La increíble historia del hombre de 272 kilos que estafó a restaurantes para comer hasta reventar

En el año 2007, en Sanford, Florida, un hombre llamado George Jolicoeur se salvó de la cárcel gracias a su obesidad.

Guía de: Archivos de la Historia

En el año 2007, en Sanford, Florida, un hombre estadounidense de 272 kilos de peso llamado George Jolicoeur cometió una serie de fraudes en restaurantes para satisfacer su voraz apetito con un método que parecía infalible.

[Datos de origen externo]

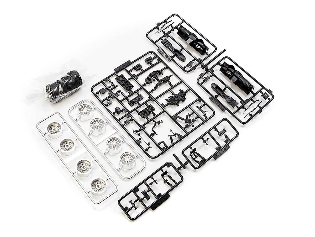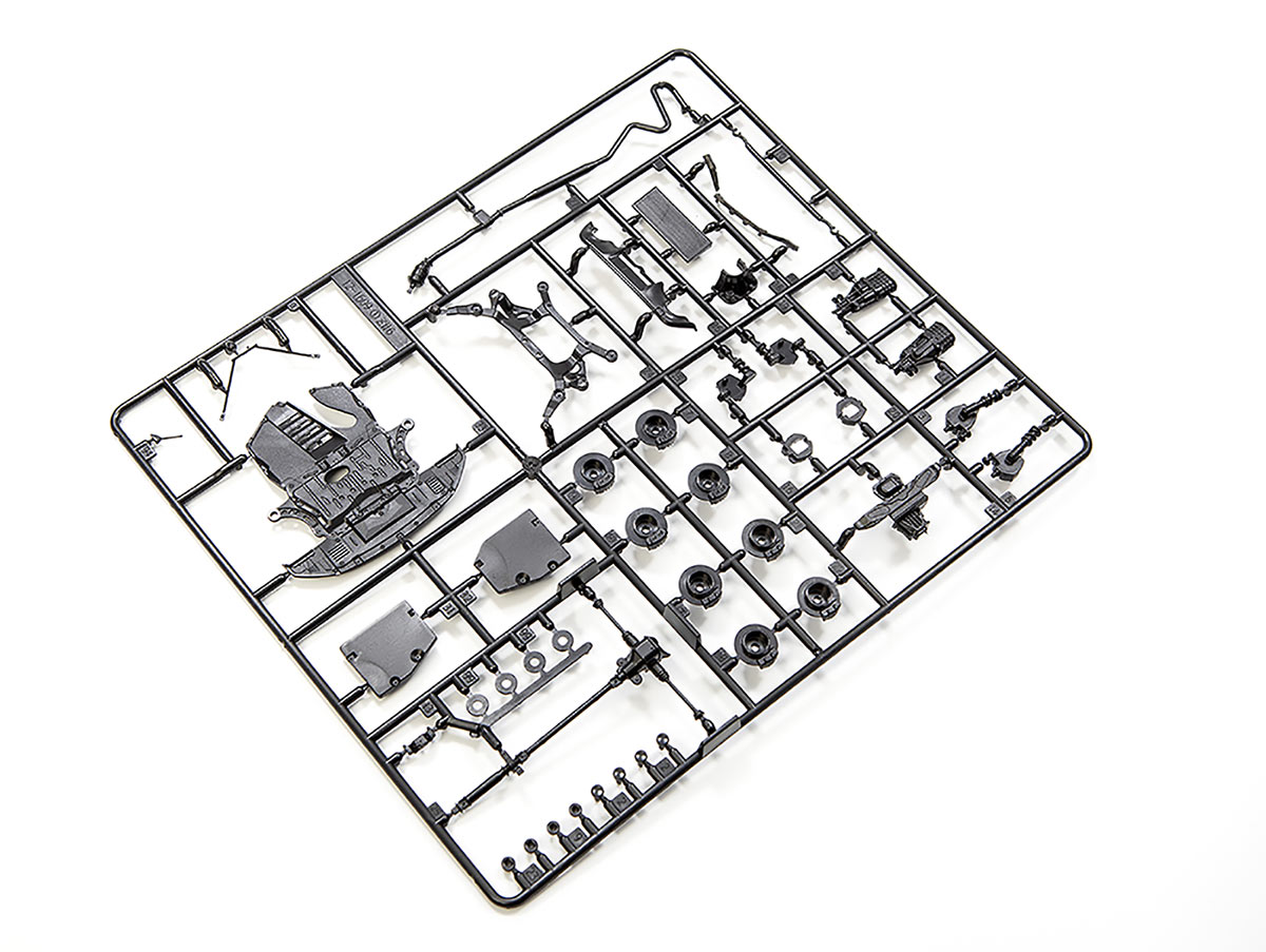 Содержит детали из блестящего хромированного пластика для отражателей фар, стёкол зеркал и других мелких подробностей.
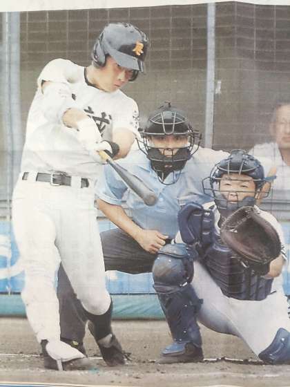 そう、写真のホームランバッター尽誠学園野球部主将・四番その人こそ、大池中のOB、68期生の松井永吉君なのです。
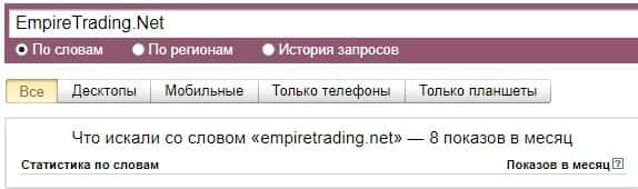 Та же ситуация и с обычным сайтом "EmpireTrading.Net", данные о котором в запросах Яндекс Вордстат был обнаружен и набрал 8 показ в месяц.
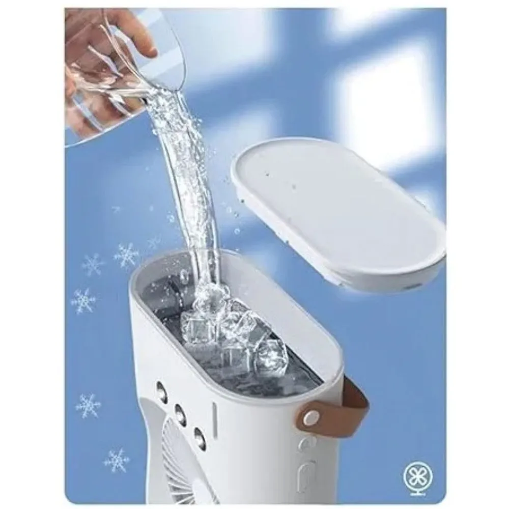 Ventilador portátil de refrigeración por pulverización diseñado para ofrecer una sensación de frescura inmediata. Cuenta con doble cabezal y tres orificios de pulverización, que distribuyen una fina niebla de agua para mejorar el enfriamiento del aire. Su batería recargable de 1800mAh proporciona un uso práctico y sin cables, ideal para el hogar, la oficina, viajes o actividades al aire libre.
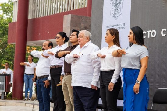 Durante el evento, se rindieron honores al lábaro patrio y se entonó el Himno Nacional Mexicano, en presencia de autoridades municipales, personal del Ayuntamiento, representantes de instituciones educativas y ciudadanía en general.
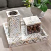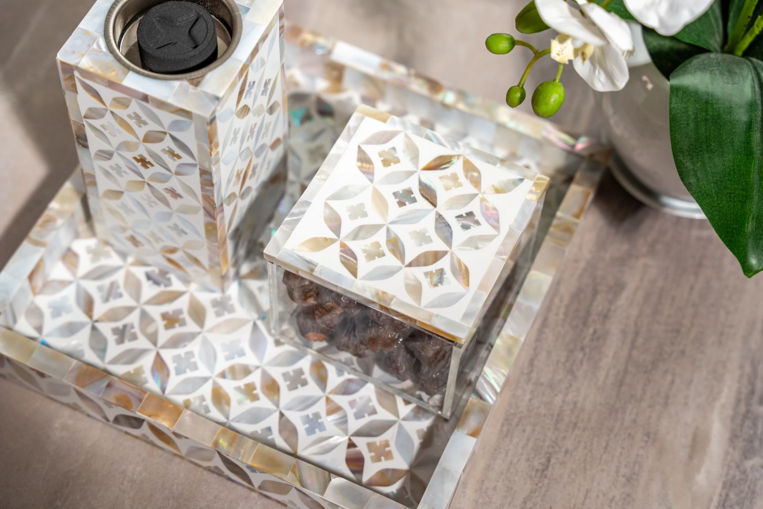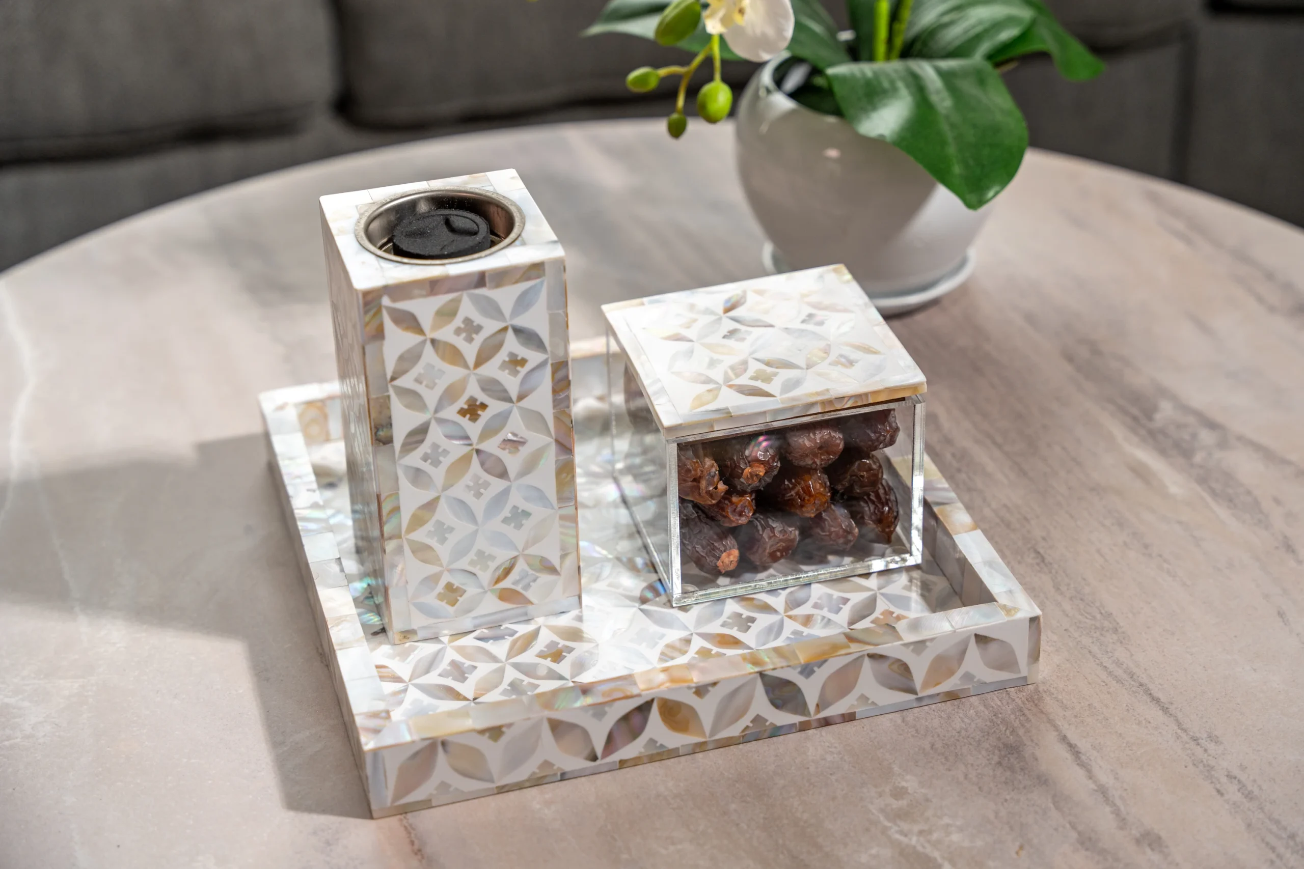 Mother of pearl inlay set of handcrafted square tray, Mabkhara for burning incense, and matching box to store your finest oud.
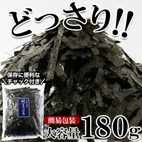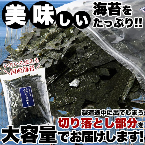パリッとした食感と磯の香り!風味と香りの良い原料を選別。国産(有明海産・瀬戸内海産)の美味しい海苔!製造途中に出てしまう切り落とし部分を大容量でお届けします。■焼もみのりとは?製造工程でできる切り落とし部分を使いやすいよう細かくした海苔のことです。細かくする際に手などで揉むことから「もみのり」と呼ばれています。形は不揃いですが、味も品質も通常の海苔と変わりません。たっぷり使えるので、常備しておくと便利です。保存に便利なチャック付き。■簡単!便利!いろいろ使える国産海苔!海苔の和え物、ざる蕎麦、卵かけご飯、サラダに袋から取り出してかけるだけ。
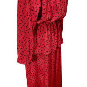 Vintage 1980s Red & Black Handmade Chiffon Blouson Secretary Dress Size 8 Medium
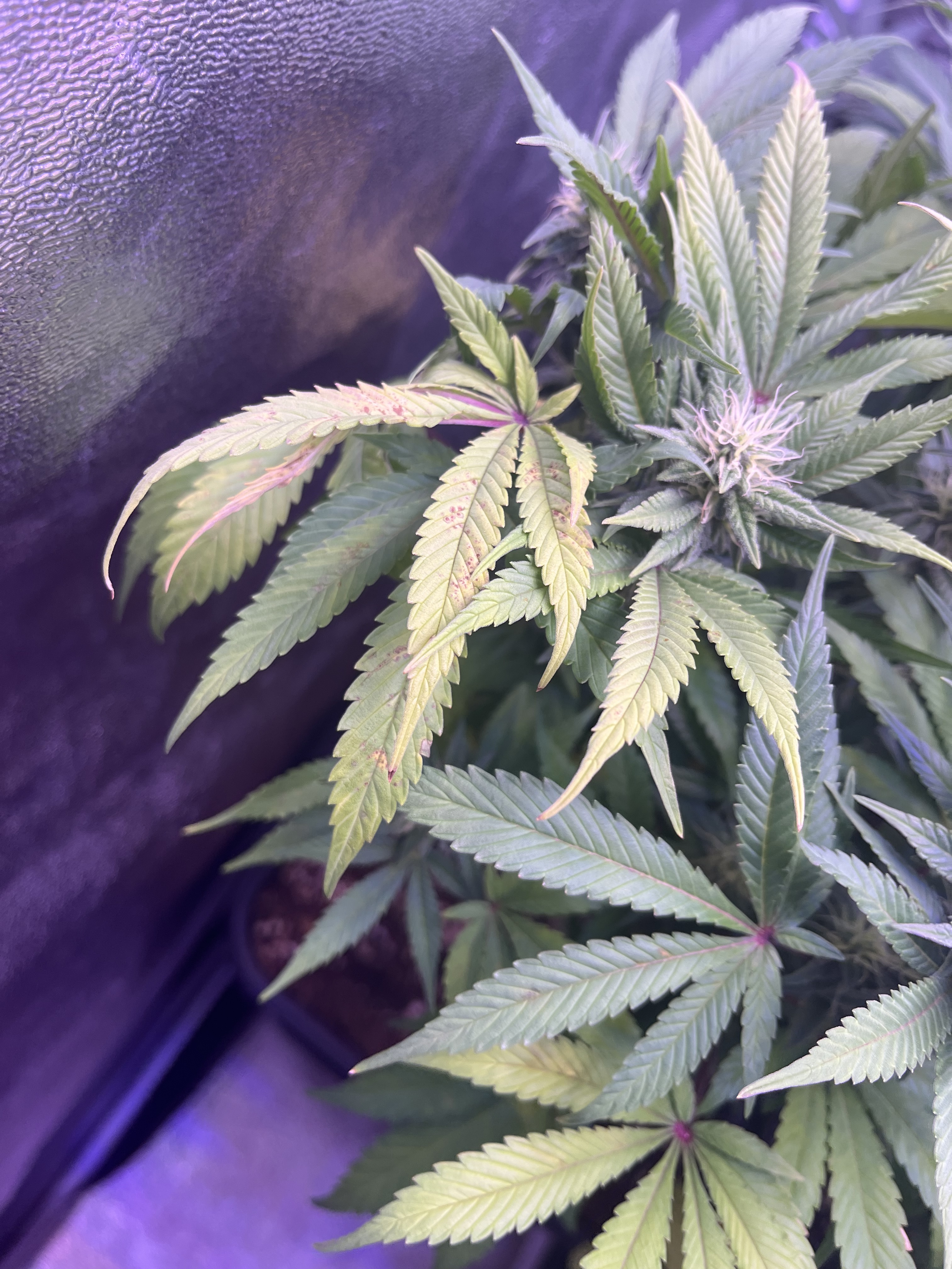 Moin Leute ich würde gerne mal wissen wonach es für euch aussieht, es haben nur 2/3 frozen black cherry, es steht noch mit im Zelt sleepy joe runtz und og Kush dort ist nichts von solchen Punkten zu entdecken
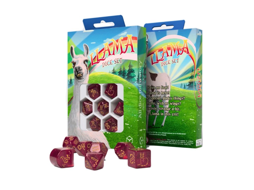 Balení obsahuje 7 mnohostěnných kostek, které využiješ nejlépe pro hry na hrdiny, jako jsou např. Dungeon and Dragons, Jeskyně a draci, Pathfinder, aj. Kostky jsou z plastu a mají fialovo-růžovou třpytivou barvu. Sada obsahuje tyto kostky: k4, k6, k8, k10, k12, k20 a k%.
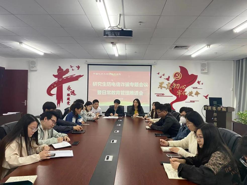 首先,傅苑针对学院研究生特点,结合近期发生的多起电信诈骗事件,希望研究生骨干深入落实防电信诈骗宣传和提醒工作,对于任何有电信诈骗可能性的电话和信息,做到不信、不听、不转账,提高自身防范意识。同时,傅苑通过对比近3年研究生同期就业率,分析当前计算机行业就业形势的严峻性和紧迫性,提醒研究生提前做好职业规划和就业求职准备。
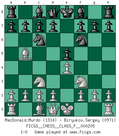 Last move : 1-0 2018 September 15 1:6:4 [Event "FICGS__CHESS__CLASS_F__000205"] [Site "FICGS"] [Date "2018.08.05"] [Round "1"] [White "MacDonald,Murdo"] [Black "Biryukov,Sergey"] [Result "1-0"] [WhiteElo "1314"] [BlackElo "0971"] 1.e4 e5 2.Nf3 Nf6 3.Nc3 Nc6 4.Bb5 1-0 This chess game has been lost on time (started : 2018.08.05 10:40:23) Petrov Three knights game Player White won this chess game. Follow this game move after move (download)When you see a good move, look for a better one. (Emanuel Lasker) Auf Remis zu spielen ist gewissermaßen ein Verbrechen gegen das Schachspiel. (Mikhail Nekhemyevich Tal) Solo puedes ser bueno en el Ajedrez si amas al juego. (Bobby Fischer) La vie et les Echecs sont tous les deux une lutte constante. (Lasker) The message for business people contemplating their place in the cyberspace is simple and direct: get linked or get lost. (Vic Sussman and Kenan Pollack)
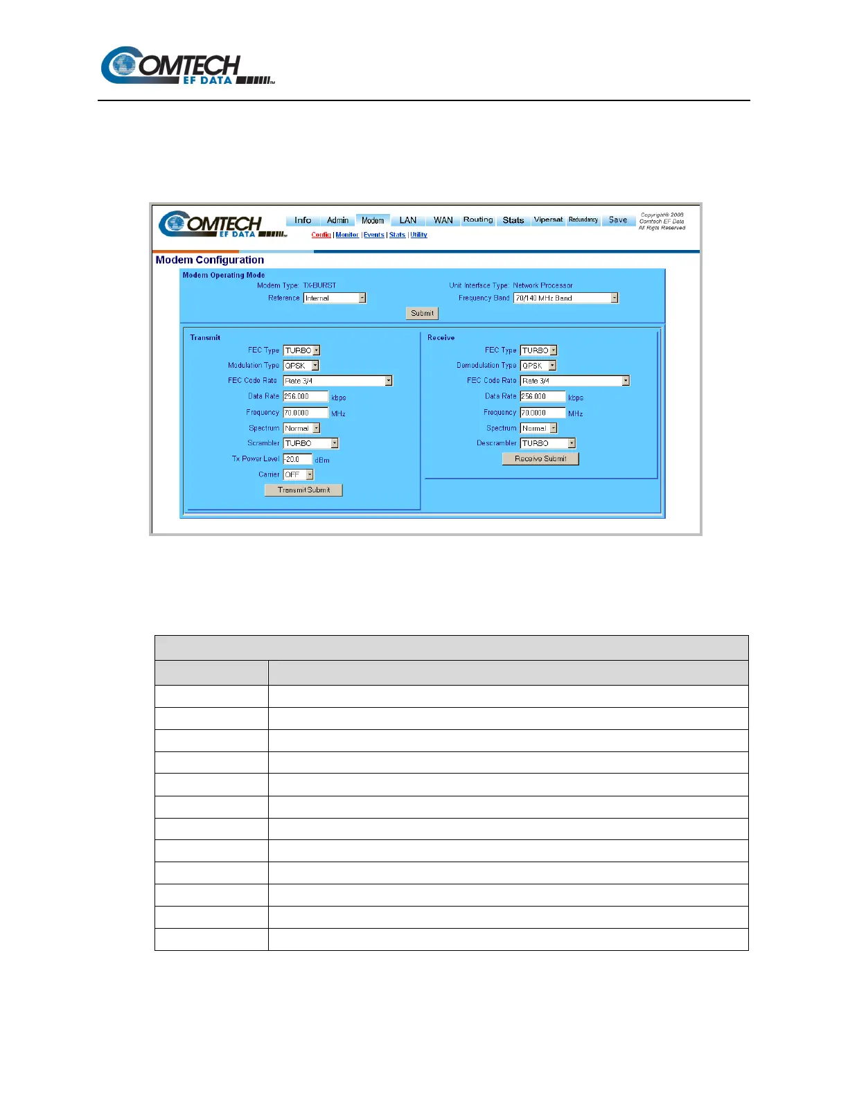 Use the Modem pages to configure or view the primary Transmit parameters and primary Receive

Entraba al restaurante, pedía grandes cantidades de comida, bebidas, batidos y platos abundantes, y devoraba casi todo. A continuación se quejaba de la calidad y se negaba a pagar la cuenta, exigiendo un reembolso.

615279035_1296375862526488_9131992305582178488_n

Durante meses Jolicoeur repitió el patrón hasta que fue sorprendido y detenido por la policía. En el intertanto enfermó, tuvo que ser hospitalizado y luego trasladado a un centro de enfermería especializada.

Sin embargo, dado que pesaba 272 kilos y se encontraba postrado en cama producto de sus problemas de salud debido a su obesidad, no pudo acudir a la audiencia judicial por sus propios medios.

La Justicia decidió entonces no encarcelarlo, dado que trasladarlo habría requerido transporte médico especializado, escolta y cuidados constantes, con un costo para el Estado de miles de dólares.

Al final la fiscalía le ofreció un trato: declararse culpable de cinco delitos menores de hurto, pagar 1.365 dólares en costas judiciales más una restitución no especificada y no ir a la cárcel ni cumplir libertad condicional. El abogado defensor, James D. Phillips Jr., aceptó el acuerdo y presentó la declaración de culpabilidad de inmediato.

Cuando la prensa de Florida le preguntó al fiscal porque no habían decidido encarcelar a George Jolicoeur, sólo comentó: “Él ya tiene su celda. Es su propia cama.”